▶ _Prompt_
The goal is a clean copy of all the data below, with pictures dropped and everything else retyped exactly.

*** Dataset extract ***

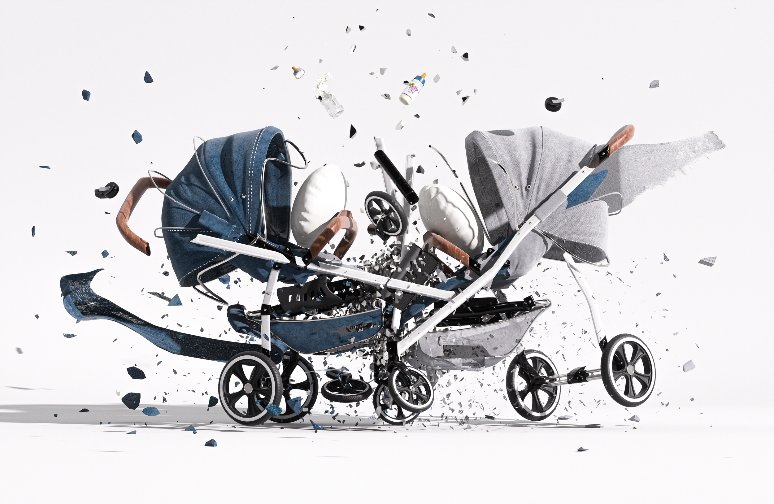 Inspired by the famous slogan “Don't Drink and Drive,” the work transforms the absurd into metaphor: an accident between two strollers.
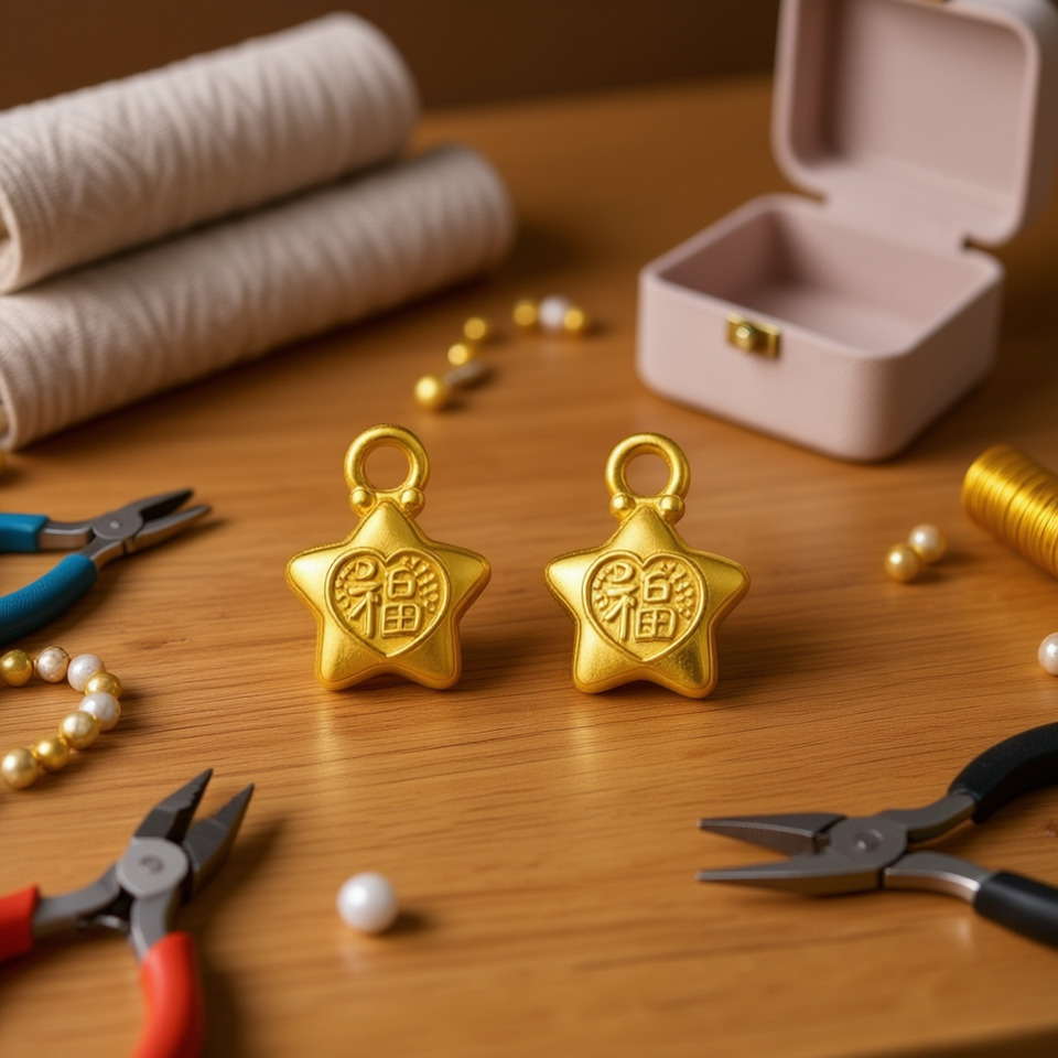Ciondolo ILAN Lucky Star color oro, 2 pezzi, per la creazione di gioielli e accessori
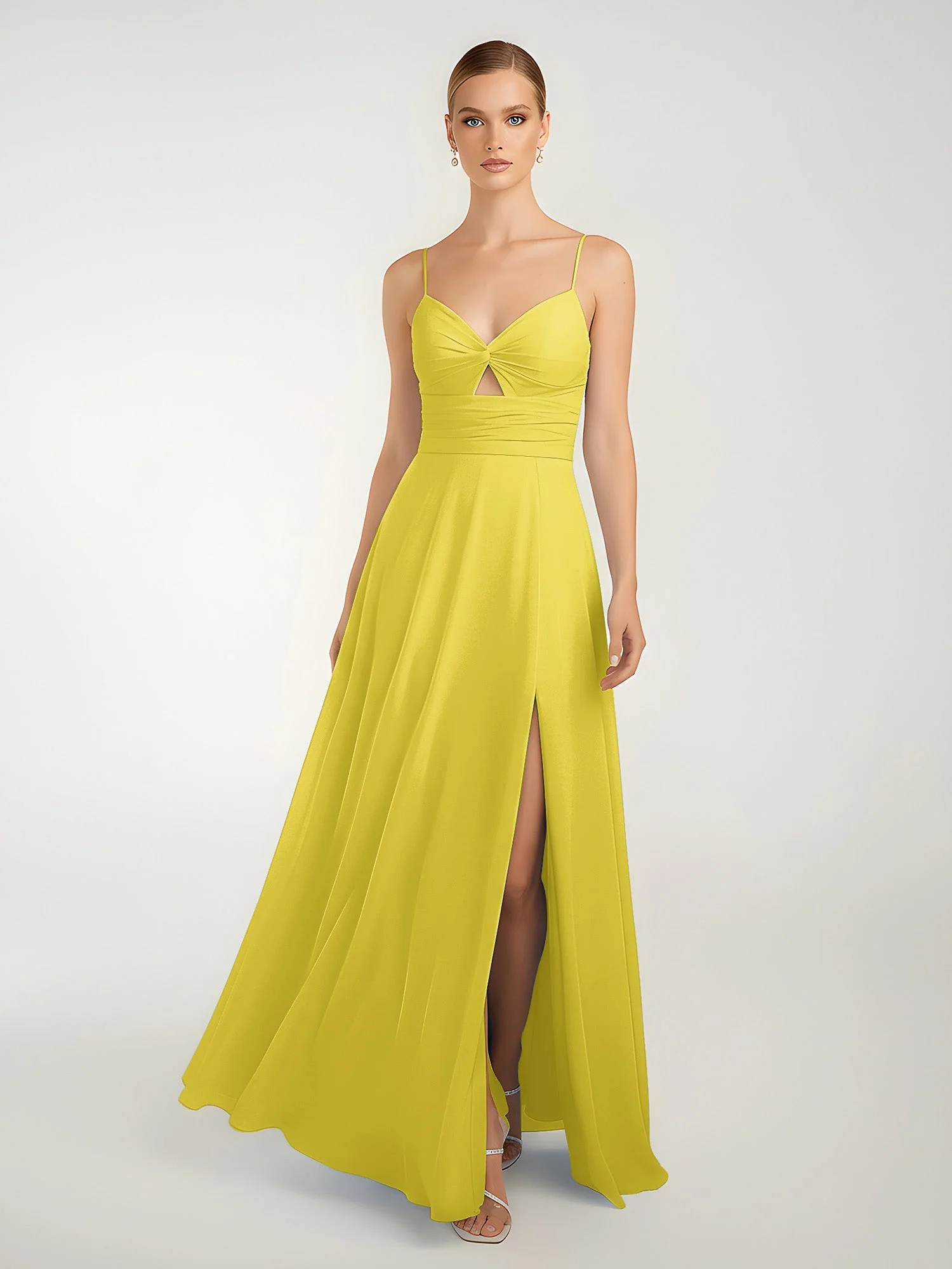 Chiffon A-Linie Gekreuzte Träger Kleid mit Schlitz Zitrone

*** End of Dataset extract ***

▶ _Task answer_
 Inspired by the famous slogan “Don't Drink and Drive,” the work transforms the absurd into metaphor: an accident between two strollers.
Ciondolo ILAN Lucky Star color oro, 2 pezzi, per la creazione di gioielli e accessori
 Chiffon A-Linie Gekreuzte Träger Kleid mit Schlitz Zitrone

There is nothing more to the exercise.